Bond. Bond is a measure of the “strength” of the adhesive’s hold, specifically how firmly the tape sticks to a surface over a given time period. When you need higher bond for applications like labeling tool drawers or bins of hardware, bundling extension cords or rope or on-the-fly repairs, reach for general purpose beige masking tape, which typically has a stronger bond.

Conformability. The ease with which masking tape can be applied to a surface is often determined by the amount of conformability or stretchability built into the product. Quality masking tapes can more easily stretch and form around curves and angles without tearing while maintaining consistent adhesion and contact.

Conformability is particularly important for tasks that involve taping around irregular shapes or inconsistent surfaces and for maintaining crisp, clean paint lines.

Tear resistance. Tape shredding—when tape tears upon removal—can lead to costly inefficiencies as you or your crew have to spend extra time picking and scraping at small pieces of tape. Preventing shredding relies partly on a little patience when removing. But a more important variable is making sure to use a premium grade tape made with a high-quality fine structured crepe paper that doesn’t easily tear.

Lower-quality masking tapes typically cost less per roll, but they’re also less durable, which means the up-front cost savings quickly disappear with time wasted on unnecessary cleanup of tape scraps. A higher quality tape will be more durable for tasks like masking and floor marking.

Clean removal. Clean removal time refers to the duration, usually measured in days, that a tape can remain in place on a surface prior to the start of painting without damaging the surface or leaving behind sticky residue when it's removed. Generally speaking, the higher adhesion strength means shorter clean removal time—which is why beige tape typically has a shorter clean removal time than blue tape.

Use blue painter’s tape for painting. Use beige masking tape for holding, binding and quick repairs. Every tape’s adhesive is rated for a period of time that it can remain on a surface and still remove cleanly—be sure to read the product packaging or manufacturer’s specifications to know your specific tape’s clean removal time.

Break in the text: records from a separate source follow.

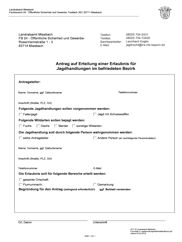 Holen Sie sich kostenlos Antrag auf Erteilung einer Erlaubnis fr Jagdhandlungen im - landkreis-mi...
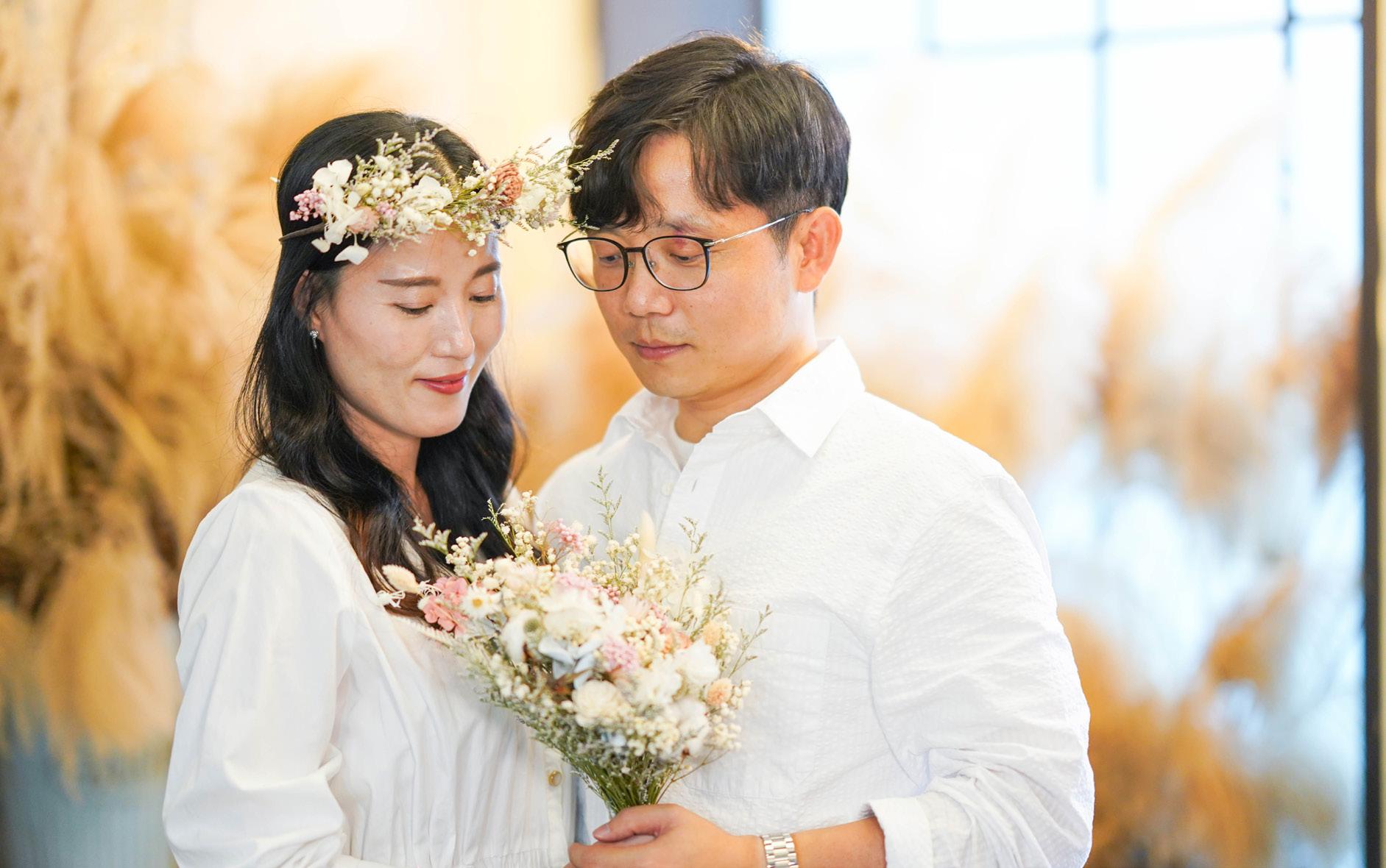 新娘:『修補工具』及『筆刷』改善臉部細微斑點及柔和線條。
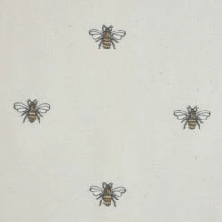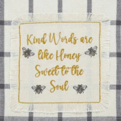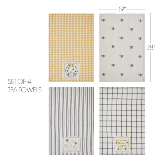 The Embroidered Bee Kitchen Tea Towel Set of 4 features a textured woven cotton base fabric with bee-inspired appliques and embroidery in natural creme, soft yellow, and charcoal grey. For your convenience, each towel includes a fabric loop for easy hanging.

UV resistance. Whether your work area is outdoors or indoors and exposed to prolonged sunlight, UV resistance prevents the sun’s rays from breaking down the tape’s adhesive properties and drying out the paper backing, which can become brittle and dry out. Some masking tapes and painter’s tapes use rubber or synthetic-rubber adhesives, which can break down and cause the tape to fail when exposed to direct sunlight for long periods of time. Be sure to look for products specifically formulated with additives that help aid in UV-resistance.

Temperature tolerance. When working in areas with extreme temperatures like cold rooms or boiler rooms, it pays to invest in a durable tape that can perform within your specific temperature range. Just like the presence of UV light can negatively impact a tape’s adhesion and paper backing, extreme temperatures can have the same effects.

Adhesive in painter's tapes and general purpose masking tapes typically perform in temperature ranges from 50 F to 200 F. High-performance masking tapes, which are typically used for heavy-duty industrial applications, can be rated up to 350 F, depending on the product.

Don’t forget — quality counts


Masking tape is a timesaving tool with a wide variety of uses in industrial environments with regular maintenance and repair needs. Whether you’re using tape for painting and floor marking or sealing and labeling, it always pays to invest in a quality product to help you and your crew complete the job quickly and get on your way to the next task.